As an example, let’s consider the roll of a dice with 6 possible outcomes. Let us examine the event $A_i$ such that $A_i$ occurs if the outcome of a dice roll is $i$. Then:

$$ \begin{align*} \text{# favorable cases} &= 1 \\ \text{# possible cases} &= 6 \\ \Pr(A) = \frac{\text{# favorable cases}}{\text{# possible cases}} &= \frac{1}{6} \end{align*} $$

Nevertheless, we must notice that if the dice is weighted, then it is not anymore true that all the events $A_i$ have the same likelihood. The definition of classical probability does not support such scenario.

Frequentist probability

The frequentism can be thought as an approach to probability that is more close to statistics. It can be defined as the relative frequency of an event in an infinite number of trials.

We can try to give a more formal definition of the frequentist probability.
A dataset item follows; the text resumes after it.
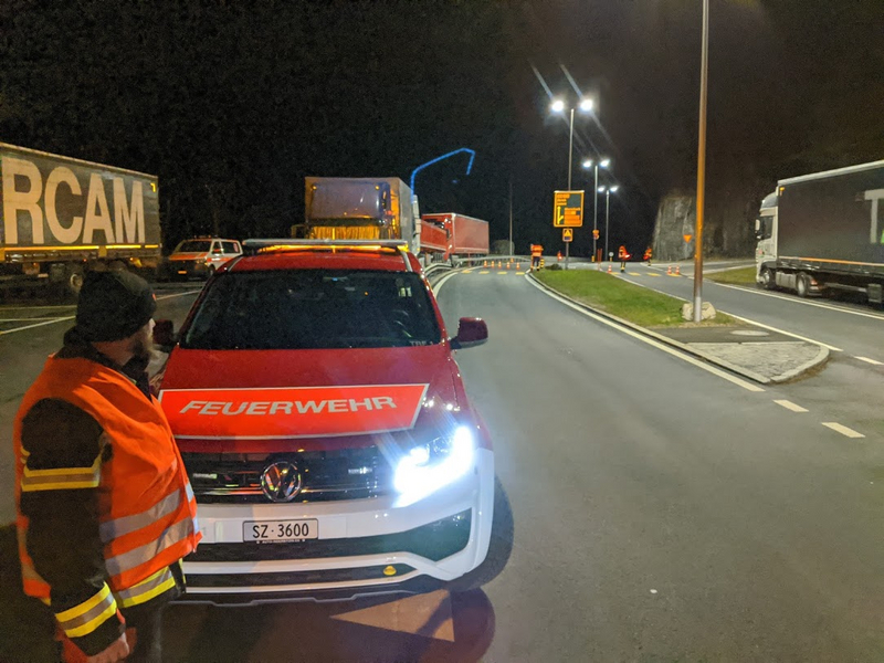 | Ablauf | - Strasse gesperrt und Verkehr gewendet - weitere Sperrungen in Absprache mit Kapo Schwyz - Sperren aufgehoben und Strasse wieder dem Verkehr übergeben - keine weiteren Massnahmen |

Let $A$ be an event, $N_n(A)$ be the number of occurrences of $A$ in $n$ trials. Then:

$$ \Pr(A) = \lim_{n \to \infty} \frac{N_n(A)}{n} $$

We can immediately notice the empirical nature of frequentism. While this approach can potentially lead to easier analyses for complex phoenomena, its major drawback is that it may not be appliable to non-repeatable events.

Bayesian probability

Bayesianism is an approach to probability partly based on belief. An introductory definition of Bayesian probability is given by ScienceDirect:

Bayesian probability is defined as a probability that is relative to evidence, used to analyze statistical inferences by incorporating prior information and rational degrees of belief. It is characterized by its application in decision-making and hypothesis testing, generating updated probabilities at the conclusion of statistical tests.
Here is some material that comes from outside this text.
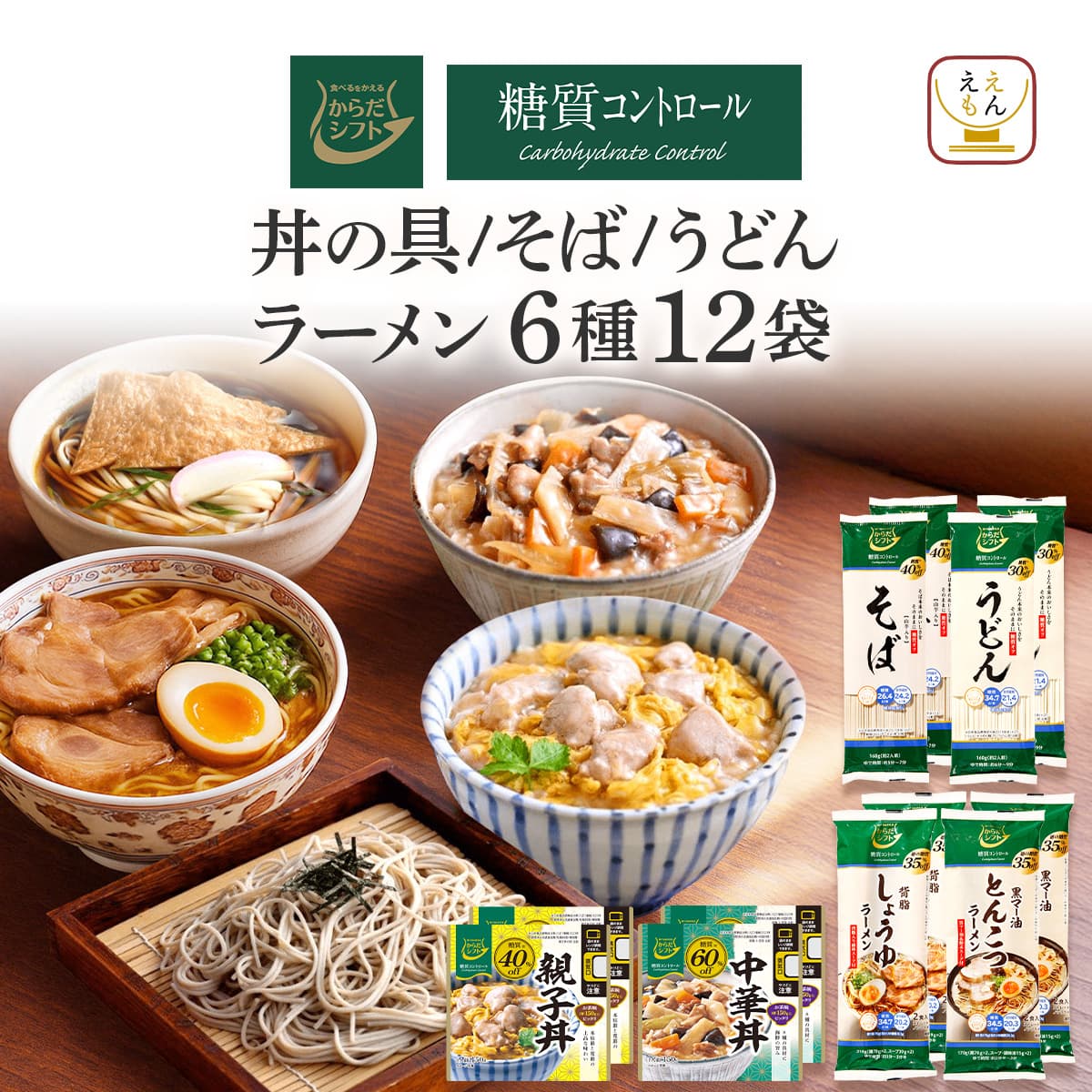 | 内容量 ※賞味期限 | ■ 糖質コントロール 親子丼 150g×4 中華丼 150g×4 そば 160g×1 うどん 160g×1 ※製造日より1年(12ヶ月) しょうゆラーメン 218g×1 とんこつラーメン 170g×1 ※製造日より240日(8ヶ月) 6種 12袋 製造メーカーからの仕入商品の為 賞味期限はお届け時のものではございません。 予めご了承くださいませ。 |

The key idea of Bayesianism is that, given an uncertain hypothesis which can be either true or false, we give a prior probability partly based on belief (therefore potentially biased). Then, we can use evidence (i.e. newly acquired relevant data) to update it to a posterior probability.

Bayes theorem

The Bayes theorem is crucial in probability theory. Formally, it allows to define the joint probability of two events $H$ and $D$ in terms of conditioned probability:

$$ \Pr(H \cup D) = \Pr(H | D) \cdot \Pr(D) = \Pr(D | H) \cdot \Pr(H) $$

Deriving the last two terms of the equation above, we can obtain the mostly usual formulation of the Bayes theorem:

$$ \Pr(H | D) \cdot \Pr(D) = \Pr(D | H) \cdot \Pr(H) \quad \iff \quad \Pr(H | D) = \frac{\Pr(D | H) \cdot \Pr(H)}{\Pr(D)} $$

Now, let $H$ be our hypothesis and $D$ be the evidence data. We can derive the Bayes theorem to formulate a so-called posterior distribution:

$$ \Pr(D) = \sum_h \Pr(D | h) P(h) $$

where each $h$ is a possible outcome of the $H$ random variable.

Geometric probability

Geometric probability is a powerful approach to deal with probability when an event is represented as a continuous random variable (i.e. its spectrum is a continuous interval).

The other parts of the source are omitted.